As for this idea of skirting or dancing around ideas like a woman ... Well, I can't see anything wrong with that either: I am openly transpositional and admire all those individuals who are light-footed as well as lighthearted and quick-witted. My critic seems to think that being flat-footed, iron-fisted, and pig-headed makes one manly and Nietzschean. But he's mistaken on both counts: it just makes boring. And stupid. As Zarathustra says, he would never make himself the enemy of young girls with fair ankles. Besides, what is all great writing - be it philosophical or literary in character - other than a process of becoming-woman?

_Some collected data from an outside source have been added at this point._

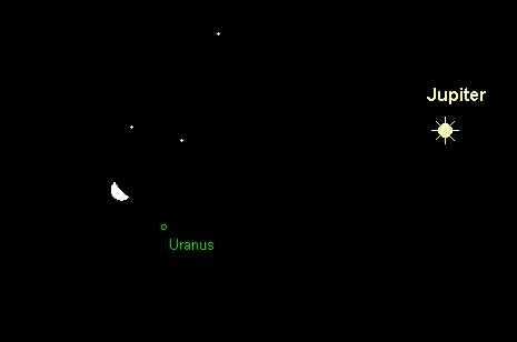bewegt sich rückläufig im Sternbild Fische, nahe der Grenze zum Sternbild Wassermann. Er nähert sich dem 5.5m hellen Stern 20 Psc, der eine Orientierungshilfe in der recht sternarmen Region sein kann. Der 7.8m helle Planet geht stetig früher auf. Erscheint er zu Monatsbeginn gegen 22:45 MESZ über der Horizontlinie, so geht er zu Monatsende bereits um 20:45 MESZ auf. Die Kulmination verlagert sich von 4:30 MESZ auf 2:30 MESZ. Zu Monatsbeginn und -ende befindet sich der noch fast volle Mond in der Nähe und dürfte Beobachtungen deutlich erschweren.
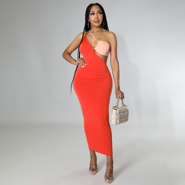 Red Sleeveless Halter Fashion Women Midi OL Dress
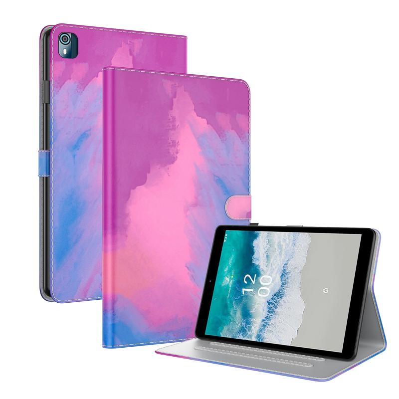 For Nokia T10 Watercolor Pattern Flip Leather Tablet Case(Purple Red)
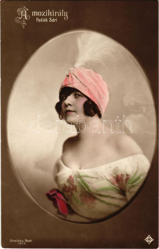 Fedák Sári: A Mozikirály. Strelisky Bpst 1913. https://www.darabanth.com/hu/441-Gyorsarveres/441.0/Kepeslapok/Szinesz~1500049/Fedak-Sari-A-Mozikiraly-Strelisky-Bpst-1913~II2903796
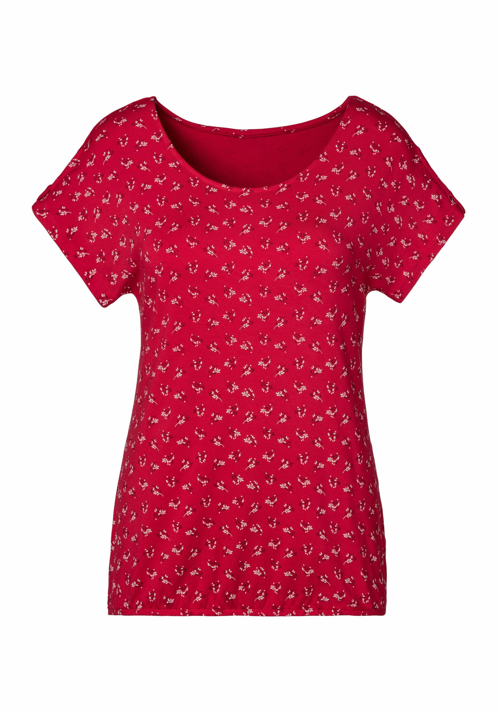 Lascana Shirt mit kleinem Knotendetail und Cut Out am Ärmel. Gummizug am Saum für eine lässige Passform. Aus weich fließender Viskose-Qualität mit Elasthan.
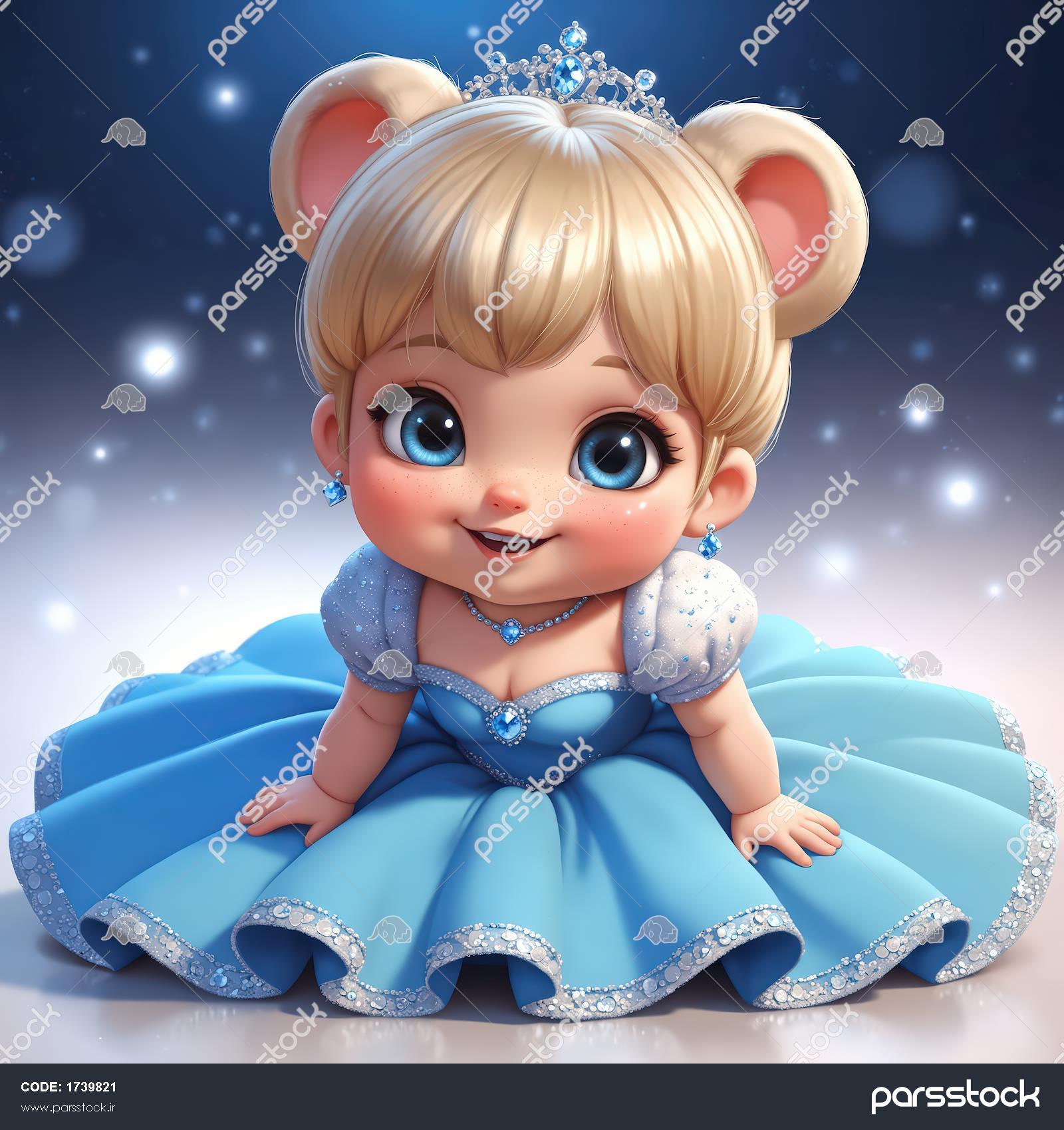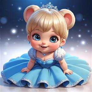 تصویر کلوزآپ کودک پرنسس موش با لباس مجلسی آبی و پس‌زمینه ستاره‌ای (جشن)

One is tempted in closing to paraphrase Emma Goldman: If I can't dance, then I don't want to be part of your libertarian revolution! And just as Deleuze advises Michel Cressole so I would advise my critic: as charming, intelligent, and mischievous as you are, you might also try to be a bit kinder.


Disclaimer: The character appearing as my critic in the above post is of course entirely fictitious; a functional component of the text. As of course am I in my role as author and narrator. Any resemblance to actual persons outside of this textual space, living or dead, is purely coincidental. My apologies to those for whom this goes without saying.